The Leninist civil war resulted in the timid market economy, later stifled by the Stalinist 30-year period, which seemed to have achieved its hoped-for success through the victory of the patriotic war, and the great industrial transformation achieved through the enslavement of lager prisoners. It is no coincidence that Putinism is proposed as an imitation of Stalinism, both in its war-ideological fervor and in its universal and economic pretensions, accompanied by repressions increasingly similar to those of the Gulag Archipelago.

Stalin's death left not a paradise realized, but a hell of oppression to be freed from as soon as possible, as the contradictory "Khrushchevian thaw" tried to do, soon aborted to restore the immobility and neo-Stalinist dictatorship of the Brezhnevist two decades.

The war in Afghanistan forced Russia to search for itself again, in the clumsy attempts of Gorbachevian perestroika and pro-Western Elysian democracy, so unhappy as to produce a new totalitarianism, in the militant orthodoxy of Putin and Kirill.

The dioscuri of sovereignism of phantom "traditional values," the tsar and the patriarch, have effectively expelled themselves from history, and only their tragic masks survive in the hysterical bomb blasts over Ukraine, knowing that they no longer have any role to play in Russian and universal history.

Both Russian society and the Russian Church are wondering how it will be possible to replace them, possibly within the next few months, but even if it were several years from now, the de facto conditions would not change, only prolonging yet another stagnation.

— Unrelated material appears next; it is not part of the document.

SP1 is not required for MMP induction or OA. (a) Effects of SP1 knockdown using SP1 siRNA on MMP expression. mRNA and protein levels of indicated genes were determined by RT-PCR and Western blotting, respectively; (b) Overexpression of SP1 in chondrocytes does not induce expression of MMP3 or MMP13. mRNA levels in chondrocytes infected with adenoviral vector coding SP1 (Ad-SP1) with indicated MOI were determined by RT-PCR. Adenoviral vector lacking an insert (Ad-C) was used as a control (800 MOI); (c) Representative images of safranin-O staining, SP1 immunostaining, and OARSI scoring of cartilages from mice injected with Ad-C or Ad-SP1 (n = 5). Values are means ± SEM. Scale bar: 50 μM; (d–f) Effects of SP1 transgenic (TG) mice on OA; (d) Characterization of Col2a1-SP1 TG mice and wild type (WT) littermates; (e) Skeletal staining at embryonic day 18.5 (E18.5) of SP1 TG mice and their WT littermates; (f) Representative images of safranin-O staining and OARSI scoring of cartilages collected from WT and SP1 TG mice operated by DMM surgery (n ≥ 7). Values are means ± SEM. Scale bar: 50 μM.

To date, there are no real alternatives to President Putin and Patriarch Kirill in civil and church politics, which are inextricably linked in Russia. Opponents and dissidents are in lagers or in exile, and the many worthy personalities who make up this "internal and external diaspora" do not, for now, have the strength and ideas to propose an alternative.

The military, regional governors, ministers and the entire ruling class is aligned and submissive, out of conviction and necessity, to the wishes of the Kremlin bunker. And the most worrying factor is that the only ones moving into the future perspective are the most fanatical and belligerent spirits, such as Chechen President Ramzan Kadyrov, or "Putin's cook" Evgenij Prigožin.

The very founder of the heinous Wagner Company, the mercenaries who reproduce in extreme form the brutality of the Soviet Spetsnaz, has in recent weeks decided to break the buck, and start a new formation that will be able to deal with the increasingly imminent post-Putin era. Prigožin is planning to create a "conservative patriotic movement," called in the press of the radikal-patrioty, intervening in public in increasingly explicit forms after years of hiding in the "kitchen" behind the scenes of power.

In purchased or requisitioned shopping malls it organizes conferences, exhibitions and study sessions in which it accuses the ruling elites of being too timid, cultivates the most extreme revanchism and a sense of revenge for military failures. Disavowals multiply from the Kremlin, stating that "Prigožin has no intention of forming a new party, but is dedicated to broad social projects," and even the Kprf communists assure that Prigožin's eventual party "is doomed to failure," formulas that only increase the sense of fear about what may actually happen.

Patriotic radicalism is nothing but an extreme form of populism, the dimension in which the policies of all countries in the world have run aground in recent decades, after the exhaustion of ideologies and the supposed "end of history." Instead, it is a matter of starting a new history, in Russia and beyond, seeking the courage to begin again with humility and openness to every instance, starting with that of peace, to find the sense of solidarity and concord, dialogue and reconstruction of worlds and souls.